TASK GOAL: Reproduce the lines below exactly, starting at the one containing "Córdoba.- La mañana" and stopping at the final line.

Stored items from a collection:

····················

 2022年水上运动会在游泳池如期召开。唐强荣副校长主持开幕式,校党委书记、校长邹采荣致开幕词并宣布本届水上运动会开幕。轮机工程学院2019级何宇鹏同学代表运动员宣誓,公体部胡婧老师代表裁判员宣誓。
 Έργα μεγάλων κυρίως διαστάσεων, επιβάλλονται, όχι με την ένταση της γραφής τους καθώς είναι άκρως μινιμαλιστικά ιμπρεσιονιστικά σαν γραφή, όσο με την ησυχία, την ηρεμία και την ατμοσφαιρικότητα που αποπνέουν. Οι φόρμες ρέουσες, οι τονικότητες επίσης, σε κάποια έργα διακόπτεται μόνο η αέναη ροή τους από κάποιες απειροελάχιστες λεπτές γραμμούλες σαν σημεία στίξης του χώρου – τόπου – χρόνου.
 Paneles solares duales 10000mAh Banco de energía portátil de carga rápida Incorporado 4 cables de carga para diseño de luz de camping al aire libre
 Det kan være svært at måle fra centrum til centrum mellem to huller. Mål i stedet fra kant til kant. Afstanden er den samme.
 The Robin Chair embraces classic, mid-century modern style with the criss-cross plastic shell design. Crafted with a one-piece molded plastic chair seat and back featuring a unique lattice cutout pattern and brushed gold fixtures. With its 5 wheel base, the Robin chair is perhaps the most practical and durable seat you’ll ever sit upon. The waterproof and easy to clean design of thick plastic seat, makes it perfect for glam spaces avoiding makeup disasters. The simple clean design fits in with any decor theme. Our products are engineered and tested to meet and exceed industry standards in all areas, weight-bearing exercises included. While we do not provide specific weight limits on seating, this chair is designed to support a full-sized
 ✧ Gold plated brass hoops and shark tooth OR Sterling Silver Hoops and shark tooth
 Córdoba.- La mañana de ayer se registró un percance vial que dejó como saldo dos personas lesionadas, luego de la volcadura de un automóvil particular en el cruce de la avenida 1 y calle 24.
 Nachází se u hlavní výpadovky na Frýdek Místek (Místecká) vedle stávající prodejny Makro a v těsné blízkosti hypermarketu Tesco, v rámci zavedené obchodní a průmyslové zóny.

····················

THE COMPLETED TASK:
 Córdoba.- La mañana de ayer se registró un percance vial que dejó como saldo dos personas lesionadas, luego de la volcadura de un automóvil particular en el cruce de la avenida 1 y calle 24.
 Nachází se u hlavní výpadovky na Frýdek Místek (Místecká) vedle stávající prodejny Makro a v těsné blízkosti hypermarketu Tesco, v rámci zavedené obchodní a průmyslové zóny.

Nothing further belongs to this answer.